• To do:
The job is to output exactly the lines that run from the start of the entries through the line containing "Detská posteľ zo", pictures omitted.

Data entries

⟨

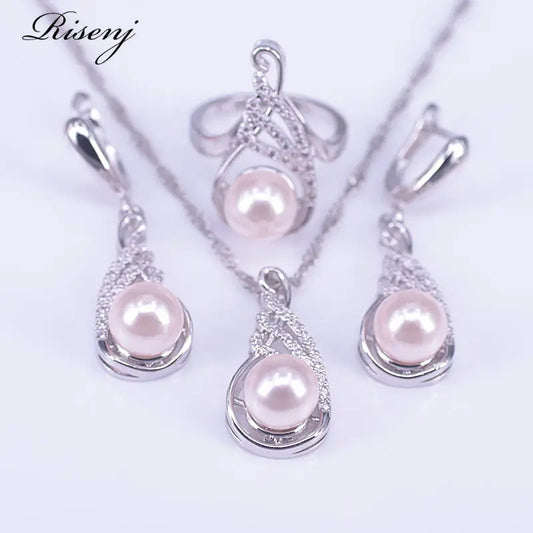 Pink Freshwater Pearl Silver 925 Jewelry Set White Zircon Costume Jewelry Set for Women Earrings Ring Necklace Set Free Shipping
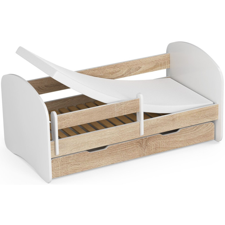 Detská posteľ zo série SMILE skvelo kombinuje pohodlné miesto na spanie a úložný priestor, ktorého nie je nikdy dosť. Je vyrobená z laminovanej dosky s ABS hranami. Farebné prevedenie skvele zapadne do chlapčenských i dievčenských izbičiek. Súčasťou postele SMILE je drevený rošt, matrac a úložná zásuvka. Odnímateľná bočnica bráni pádu dieťaťa z postele. Pre maximálnu bezpečnosť sú všetky hrany postele zaoblené.
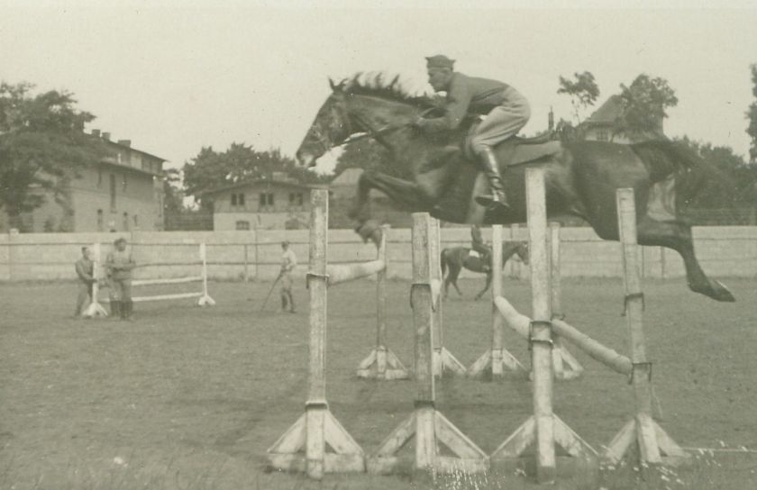 | Nr. inwentarzowy: MŁJ-XVI 1518 / 00 / 037 opis: kpt. Winchestern z USA, skok przez "kwadro-barre" , III Wyższy Kurs Instruktorów Jazdy Konnej [trwał od 15.10.1932]data: wiosna-lato 1933czas powstania - daty graniczne: 1933-03-01 - 1933-08-12miejsce: Polska, Grudziądz, C.W.K. [Centrum Wyszkolenia Kawalerii]osoby: kpt. Winchestern, uczestnik IX KIJK 15.10.1931-15.08.1932 i III WKIJK 15.10.1932-12.08.1933inne nazwy własne: IX Kurs Instruktorów Jazdy Konnej; III Wyższy Kurs Instruktorów Jazdy Konnej; inna pisownia: Winchestertworzywo: papier fotograficzny, błyszczącytechnika: odbitka żelatynowo-srebrowa DOP, czarno-białazespół: album rodziny Nieniewskichwymiary (wys. x szer.): 60 x 91 [mm]
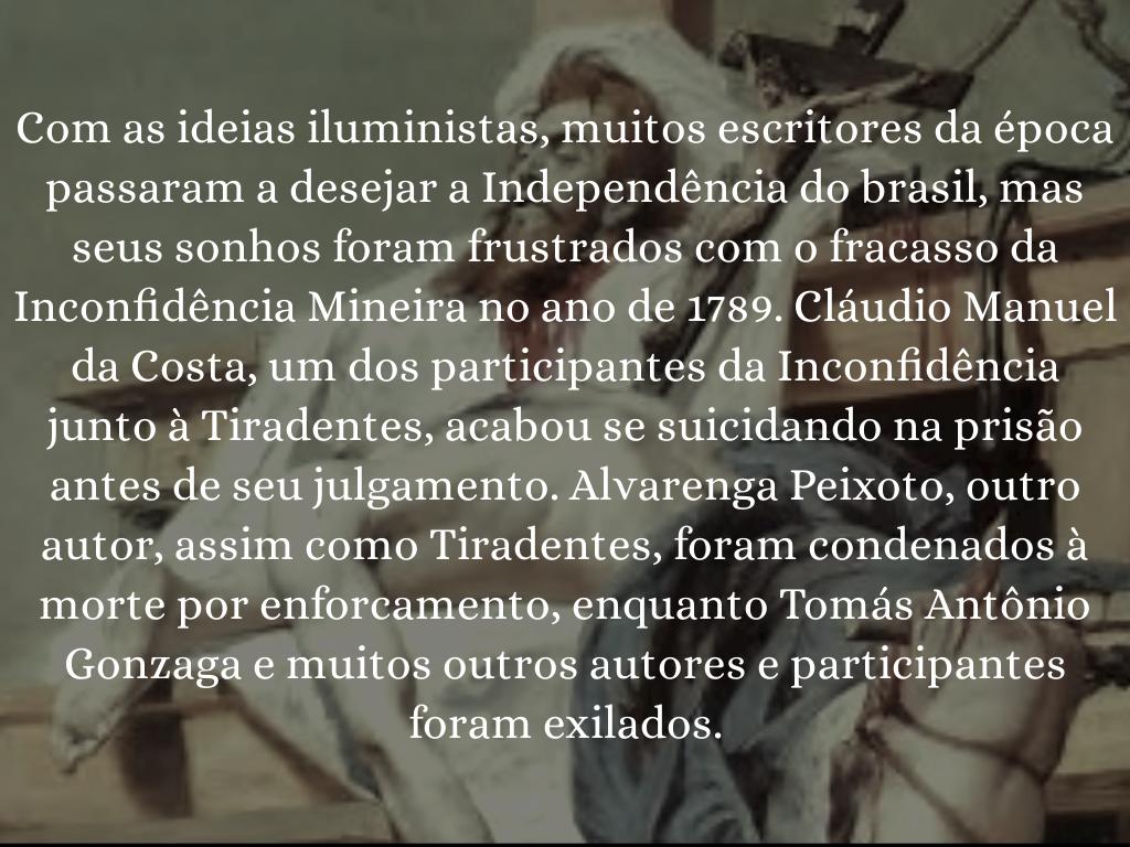 Com as ideias iluministas, muitos escritores da época passaram a desejar a Independência do brasil, mas seus sonhos foram frustrados com o fracasso da Inconfidência Mineira no ano de 1789. Cláudio Manuel da Costa, um dos participantes da Inconfidência junto à Tiradentes, acabou se suicidando na prisão antes de seu julgamento. Alvarenga Peixoto, outro autor, assim como Tiradentes, foram condenados à morte por enforcamento, enquanto Tomás Antônio Gonzaga e muitos outros autores e participantes foram exilados.
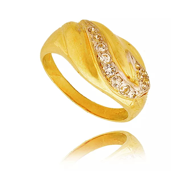 Stylowy pierścionek będący doskonałym wyborem dla osób ceniących jakość i estetykę. Subtelny połysk kamieni pięknie współgra z kolorem złota.
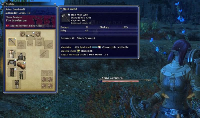 Can you see whats wrong with this picture? This was my friend that was stuck in place but was going all around with us and fighting. I just couldn't see her, because on my client she was stuck at that very spot, for like thirty mins until all three of us logged completely out. Also if you didn't figure out the real kicker out of that pic. Shes on MRD but the weapons she has out is her PGL. So more or less the server stopped sending all data. well not all. If she was fighting with us you'd see her swinging wildly in the air right there where she stands. But if she put her weapons away, or got on choco, non of that occurred, she just stood there battle ready.

⟩

• Response box:
 Pink Freshwater Pearl Silver 925 Jewelry Set White Zircon Costume Jewelry Set for Women Earrings Ring Necklace Set Free Shipping
 Detská posteľ zo série SMILE skvelo kombinuje pohodlné miesto na spanie a úložný priestor, ktorého nie je nikdy dosť. Je vyrobená z laminovanej dosky s ABS hranami. Farebné prevedenie skvele zapadne do chlapčenských i dievčenských izbičiek. Súčasťou postele SMILE je drevený rošt, matrac a úložná zásuvka. Odnímateľná bočnica bráni pádu dieťaťa z postele. Pre maximálnu bezpečnosť sú všetky hrany postele zaoblené.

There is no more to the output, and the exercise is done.